Repeat the span of the entries below that starts at the line with "w/ White Shade" and ends at the line with "基于有限元分析結(jié)果", nothing more. Skip the pictures.

━━━ Data provided

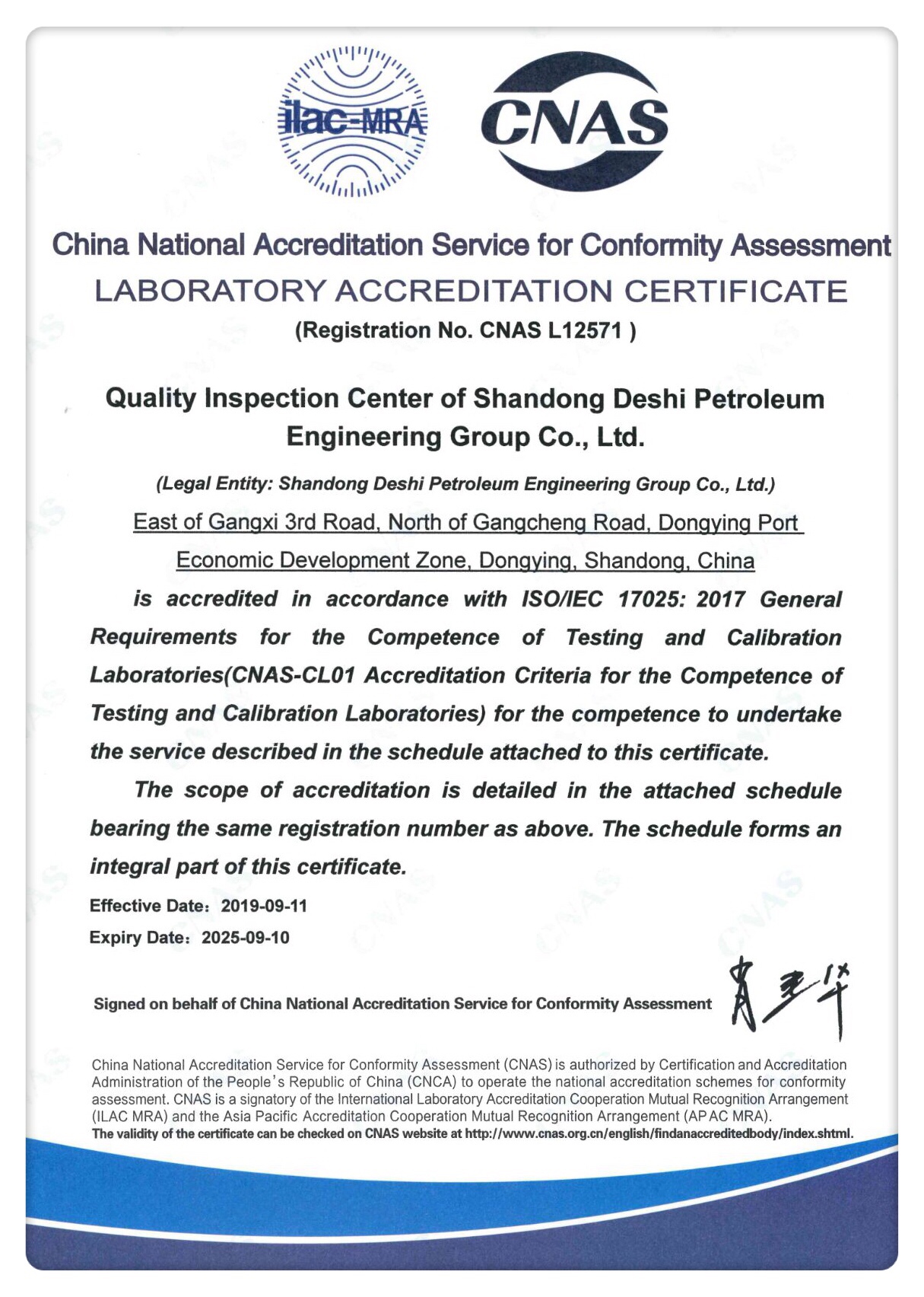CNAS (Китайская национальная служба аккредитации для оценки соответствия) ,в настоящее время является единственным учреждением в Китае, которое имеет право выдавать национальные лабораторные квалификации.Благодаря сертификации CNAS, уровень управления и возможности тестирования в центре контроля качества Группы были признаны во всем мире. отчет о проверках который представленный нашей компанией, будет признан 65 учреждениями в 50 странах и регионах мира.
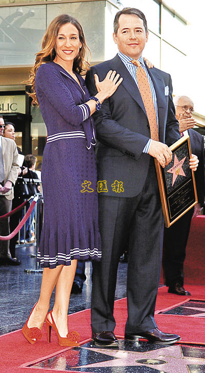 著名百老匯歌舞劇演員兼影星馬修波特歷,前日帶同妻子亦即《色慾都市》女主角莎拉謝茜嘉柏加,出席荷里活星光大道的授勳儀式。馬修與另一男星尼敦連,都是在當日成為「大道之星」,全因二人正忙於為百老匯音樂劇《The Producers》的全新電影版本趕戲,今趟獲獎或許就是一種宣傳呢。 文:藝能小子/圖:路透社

━━━━━━
━━━ Data provided

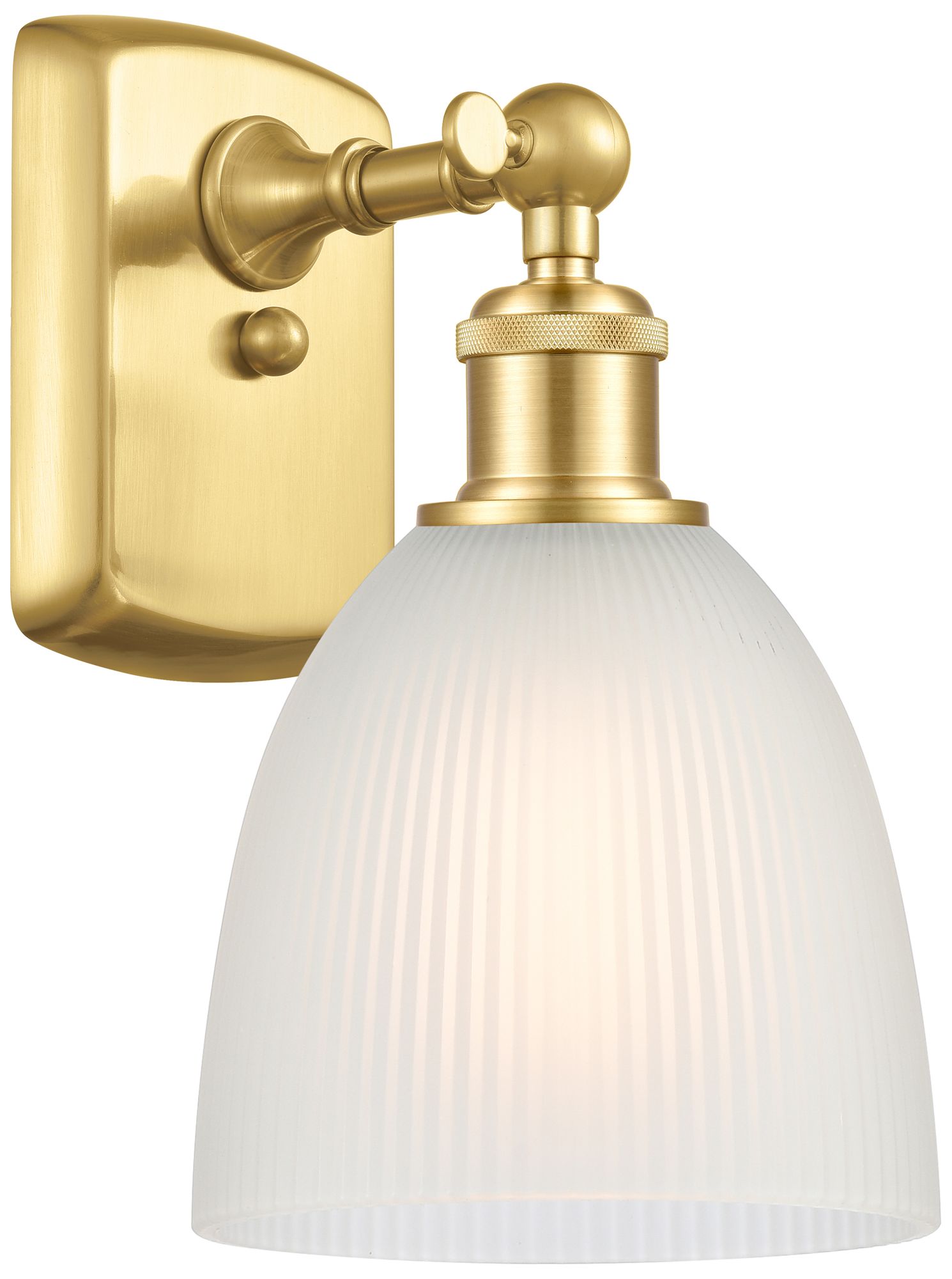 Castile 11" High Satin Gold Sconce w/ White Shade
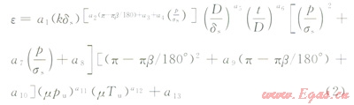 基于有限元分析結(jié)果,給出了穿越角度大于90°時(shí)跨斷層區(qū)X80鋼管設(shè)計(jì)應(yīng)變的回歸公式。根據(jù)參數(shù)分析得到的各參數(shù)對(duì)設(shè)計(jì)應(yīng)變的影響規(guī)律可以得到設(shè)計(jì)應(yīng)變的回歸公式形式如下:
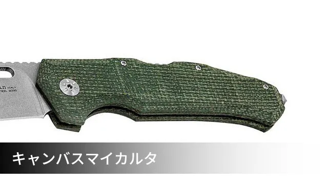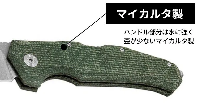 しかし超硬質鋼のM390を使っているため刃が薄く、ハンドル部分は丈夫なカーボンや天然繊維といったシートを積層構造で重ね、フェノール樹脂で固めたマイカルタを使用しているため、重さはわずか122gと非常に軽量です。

━━━━━━

**Output below:**
 Castile 11" High Satin Gold Sconce w/ White Shade
 基于有限元分析結(jié)果,給出了穿越角度大于90°時(shí)跨斷層區(qū)X80鋼管設(shè)計(jì)應(yīng)變的回歸公式。根據(jù)參數(shù)分析得到的各參數(shù)對(duì)設(shè)計(jì)應(yīng)變的影響規(guī)律可以得到設(shè)計(jì)應(yīng)變的回歸公式形式如下:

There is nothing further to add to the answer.